The association of polygenic risk scores to clinical outcomes

Lastly, to assess whether partitioned PRSs were associated to hard clinical outcomes, we tested their association to chronic kidney disease (CKD) and cardiovascular disease (CVD). Across the three cohorts, 2559 individuals were diagnosed with CKD and 6357 with CVD.

The lipid and liver metabolism PRS was significantly associated with lower odds of CVD (OR 0.64, 95% CI 0.46–0.88, p = 0.002). The lipodystrophic insulin resistance PRS was significantly associated with higher odds of CKD (OR 1.29, 95% CI 1.02–1.62, p = 0.03). No other PRSs were significantly associated to CVD or CKD, including the unpartitioned overall PRS (Fig. 2G, I, Additional file 1: Table S14). Results remained consistent after adjustment for lipid-lowering and anti-diabetic medication (Additional file 1: Table S15).

Discussion

In this study, we assessed the genetic overlap between T2D and 20 intermediary metabolic traits. Our analyses inferred evidence of colocalization across 146 out of 243 T2D loci. We identified five clusters representing T2D pathways, corresponding to beta-cell deficiency, lipodystrophic-like insulin resistance, obesity-mediated, hepatic glucose metabolism, and liver and lipid metabolism.
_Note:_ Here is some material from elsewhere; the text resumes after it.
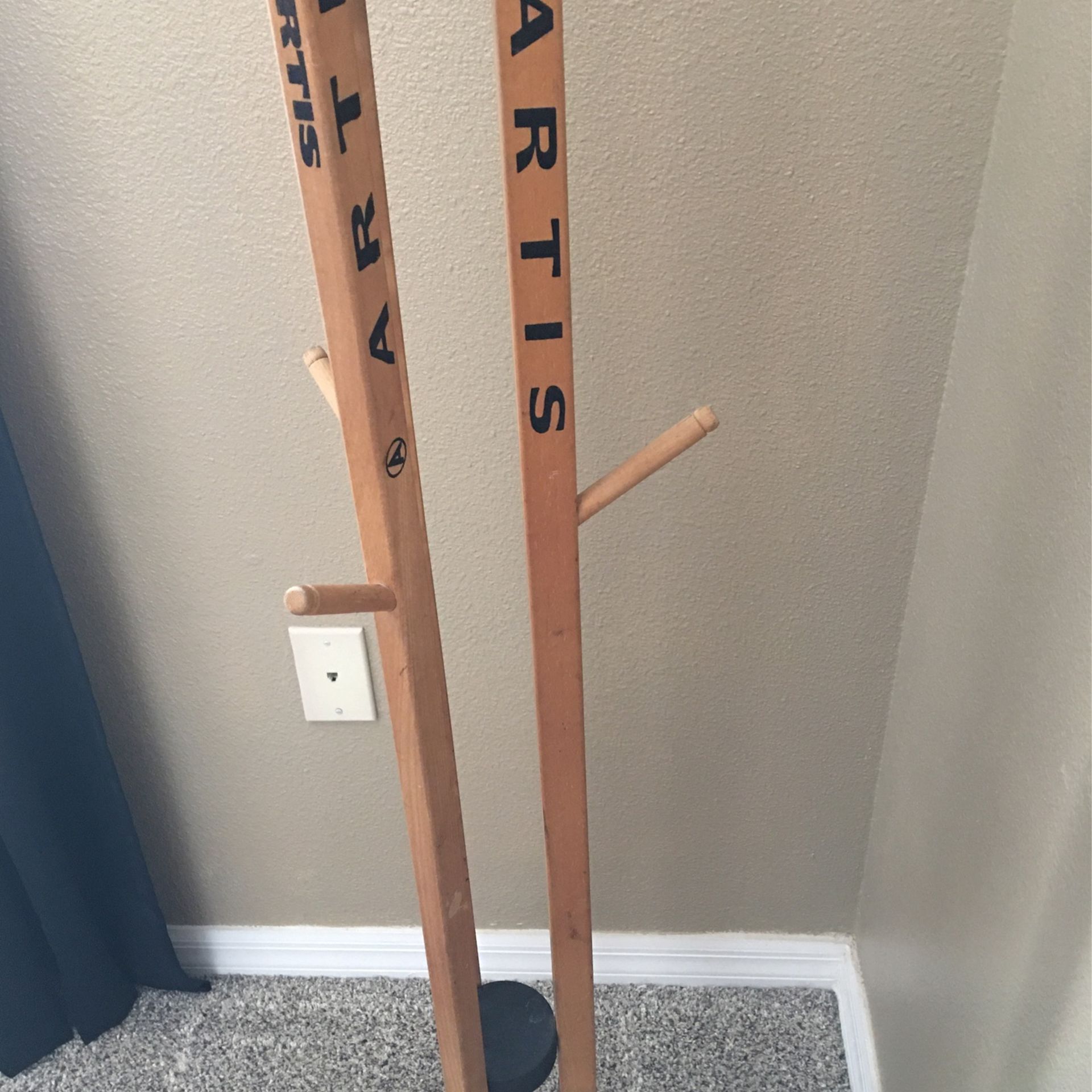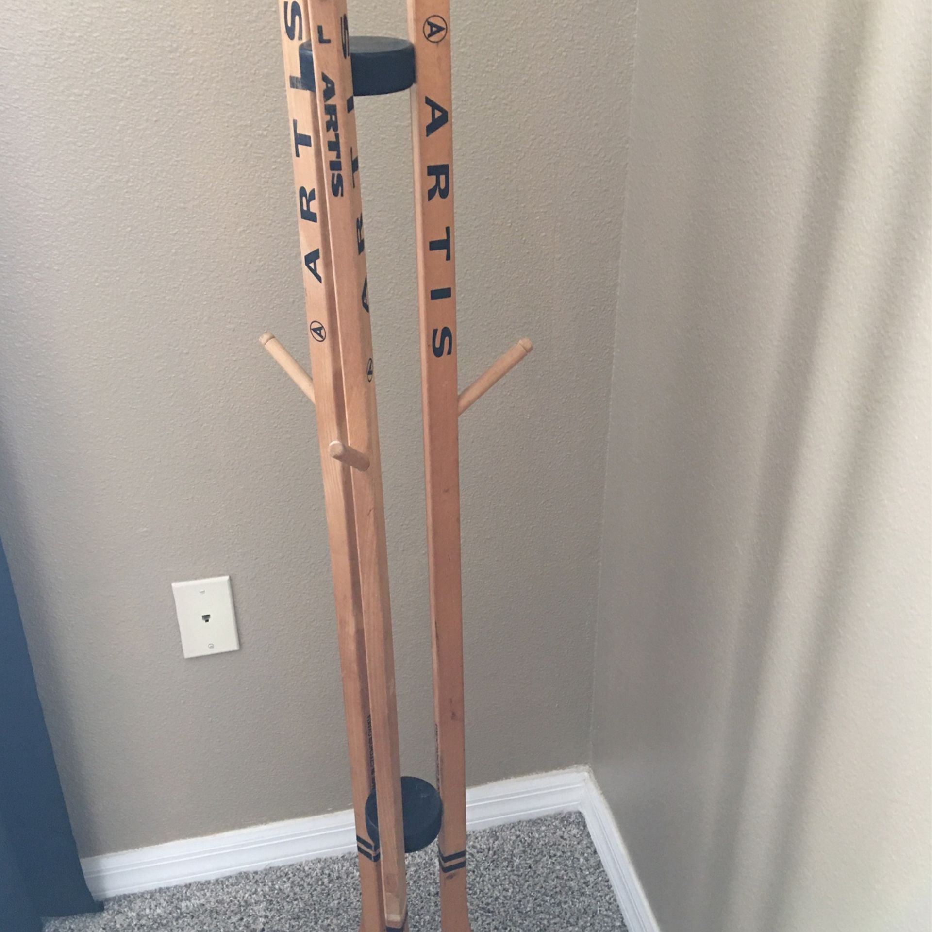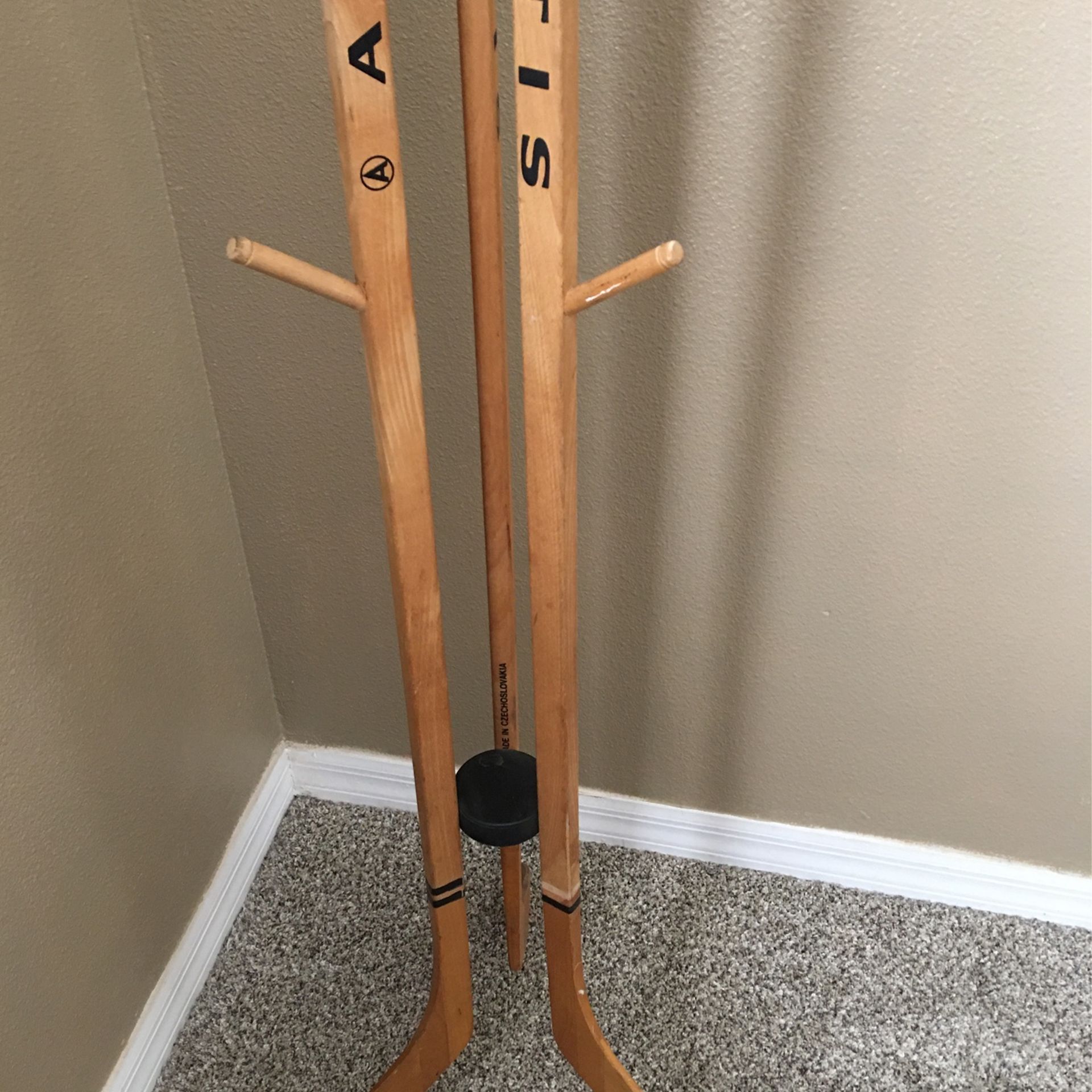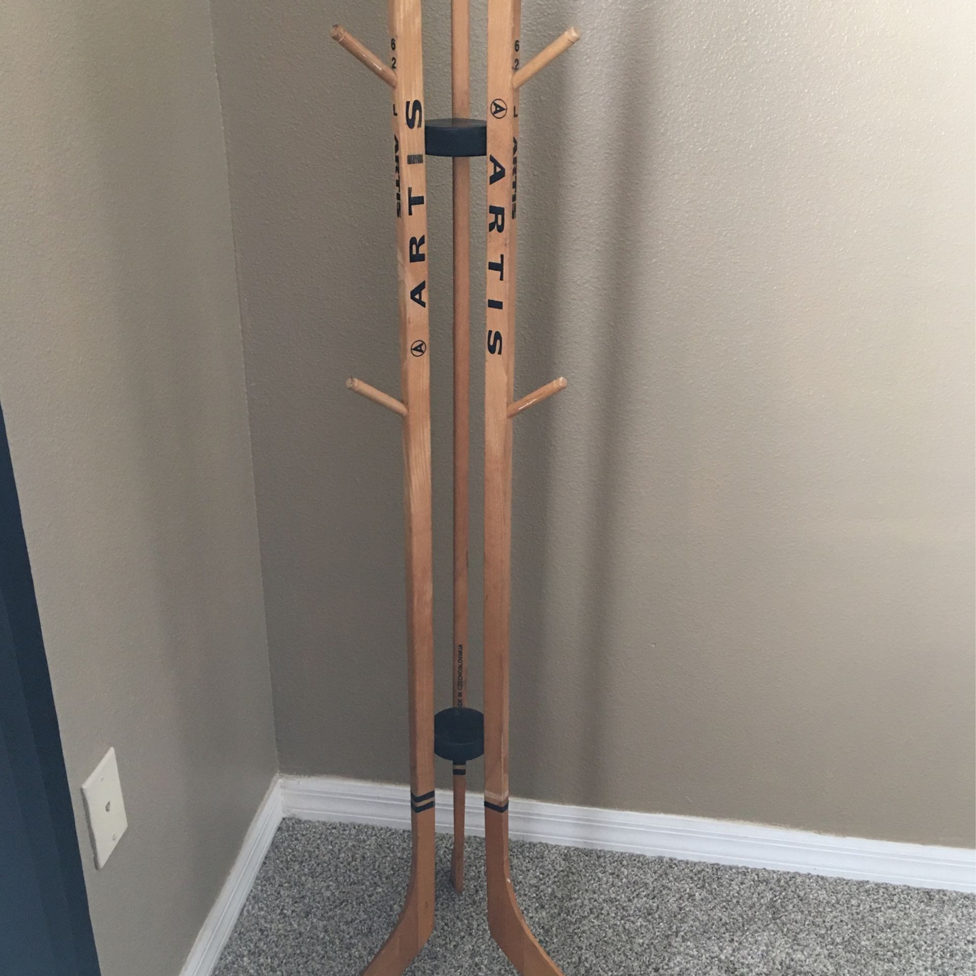 This is a unique, vintage coat/clothes rack made of wood hockey sticks. Artis brand, made in Czechoslovakia 1980’s. Great item for the sports/hockey collector!

Our findings are consistent with previous studies, highlighting the effectiveness of colocalization in generating meaningful clusters and providing a reliable assessment of pleiotropy [4, 9,10,11]. We observed distinct degrees of heterogeneity in the effect estimates with metabolic measures across the different T2D pathways, as well as, clinical outcomes such as CVD and CKD. The observed heterogeneity in effects across PRSs and metabolic measures demonstrates the efficacy of partitioning of genetic variants to effectively categorize individuals with distinct clinical characteristics that likely contribute to their type 2 diabetes and distinct clinical complications. Identifying these phenotypically diverse sub-groups of T2D became possible only after stratifying the overall T2D PRS. This highlights the potential pitfalls in applying unstratified PRSs for preventative strategies within heterogeneous diseases [65]. Our study distinguishes itself from previous research by utilizing colocalization to obtain inferences of shared causal variants across GWAS before clustering variants. Moreover, we expanded upon earlier methodologies by assessing the causality and directionality of specific clusters.

We compared our clusters to those generated by Kim et al. [10] and observed broadly similar associations to metabolic measurements (Additional file 3). In relation to clinical outcomes the lipodystrophic PRS was associated to an increased in the odds of CKD in our cluster but not in the Kim et al. lipodystrophic cluster. In summary, the colocalization first approach is a more stringent approach, which boasts the additional advantage: the capability to infer shared causal variants across GWAS. However, the approach of Kim et al. is more computationally trackable with a larger number of GWAS and produces similar associations.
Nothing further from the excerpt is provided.